The Mudcat Café TM
Thread #48012   Message #718782
Posted By: GUEST,Peace Matriot
28-May-02 - 11:25 AM
Thread Name: Memorial Day, A Look Back
Subject: RE: Memorial Day, A Look Back
Like I said, I and my family don't recognize the day, nor do we remember lost loved ones "with the nation". Ever. We have done our grieving privately, and will continue to do so. No one in our family has ever enlisted in the military--all were conscripts. Therein lies a huge difference, in my experience. People who have made a free choice to enlist simply do not view the military and the nationalist fervor surrounding it in the same way that conscripts and their families do.

Conscripts go fight wars because they fear the consequences of not complying with the law, and what their government will do to them for non-compliance.

My vitriol is directed at the people who say I dishonor those who have fought by not acquiescing to their point of view. Whether people view themselves as militarists or not isn't the point. Getting up in somebody's face because they choose NOT to honor their dead "with the nation" is what I object to.

On Saturday, I had a nouveau patriot twenty something kid in my face at the liquor store about the "honoring of the war dead". How did that one start? I noticed that the liquor store was going to be open on Memorial Day, and so was making small talk with him (the cashier). I said I was sorry he had to work the holiday, meaning it sincerely, the same I would if someone had to work on New Years or whatever legal holiday.

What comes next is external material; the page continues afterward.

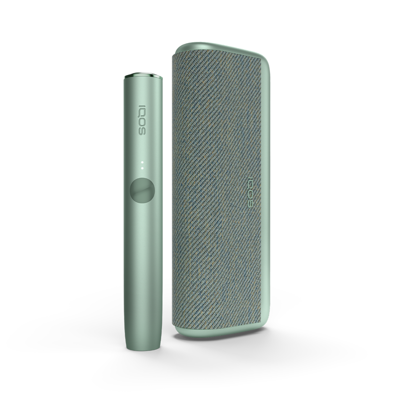 A Jade Green IQOS ILUMA PRIME Holder and Pocket Charger.

He then went off on a tirade about the only people who would shop the liquor store on Memorial Day were a bunch of drunks, and he didn't think that was right. He went on to say he thought everyone should do something patriotic, especially for those who had died on 9/11.

If people don't realize just how strong the hate is out there for anyone who isn't towing the Republican Party Patriot line these days--including in our everyday lives (like at the liquor store, or checking in to Mudcat) they don't have a clue as to what I'm on about.

We should all have the our rights honored to spend Memorial Day any way we wish to, without people getting up in our faces about choosing not to celebrate the day at all. Which is the way, I'm guessing, most Americans actually spend Memorial Day. Picnics and barbeques with friends and family? Sure, a lot of people do that. Me and my neighbors (most of whom are former military people too) mostly did yard work.